Christianity is a good and great religion because a man who is a also a movable icon is its paradigm of goodness.
In order for Xianity to retain any power for good in today's world we need to re-interpret it. "A proper way to relate to God" is the existentialist way. There is no essence that is God but we may create the spirit of good, truth, and beauty by our words and acts.Indeed, without man's creating spirit there could be no Christianity.
"It's common knowledge." Do you have reason to think that the way to know God is "common knowledge"? I don't think you do. Whatever the attitude in the UK to faith, supernatural or miracles, it doesn't really count for or against any of them.

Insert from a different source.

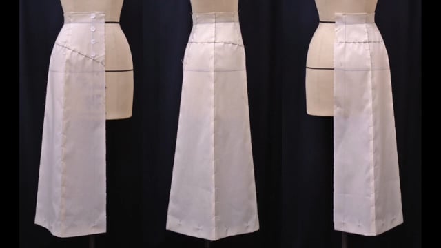 ハイウエストでヨーク切替の入ったスカートで、ヨークへのダーツ移動の原理やハイウエストの作成方法とその際のアイロンワークとパターンの展開手法を学習します。スカート原型から展開し、工業用パターン(縫い代付)までを学習します。

I don't doubt many have the desire to "reinterpret." But I don't think that's a good impulse. After all, people believe in transcendent values because they hope that by following a higher standard they can improve their moral condition, or better yet, find a metaphysic that adds meaning to an otherwise potential meaning-devoid existence. A "religion" is only as good as it is convincing that you ought to surrender some aspects of your own self-will to it, in a gesture of meaningful sacrifice to the higher goods. If it can't do that, it really serves no purpose at all, and you'd be just as well without any.
As for the Existentialist way, it's of extremely recent vintage, and pretty much solely the purview of Kierkegaard. The rest of the Existentialists -- Nietzsche (if he counts), Sartre, Camus and Heidegger, for example, all hated God and had no use for "religion" at all. Rather, their focus was the self, not transcendence. Existence, for them, was essentially "absurd." There was no such thing as ethics, really, because there was no transcendent basis for any; and whatever "meaning" there was for existence had to be invented fresh by every individual, not understood through any tradition or corporate kind of life. (Heidegger thought there was a corporate dimension, but he mistook it for the "blood and soil" religion of the Third Reich.)
Man's creating spirit has, according to Christianity, no role in generating Christianity. To believe that it does, one would have to step outside of Christianity, to some kind of Humanist skepticism, and redescribe Christianity as just another "religious" delusion mankind has produced. Christianity itself won't join you in that: it claims authorization from God Himself, not from human "creativity."
In any case, in Existentialist thinking, whether Kierkegaardian, or Sartrean, or whatever, "creativity" of that sort has no dignity. It's not a thing to boast about. Kierkegaard would have said it's
devoid of faith, and Sartre would have called it "bad faith."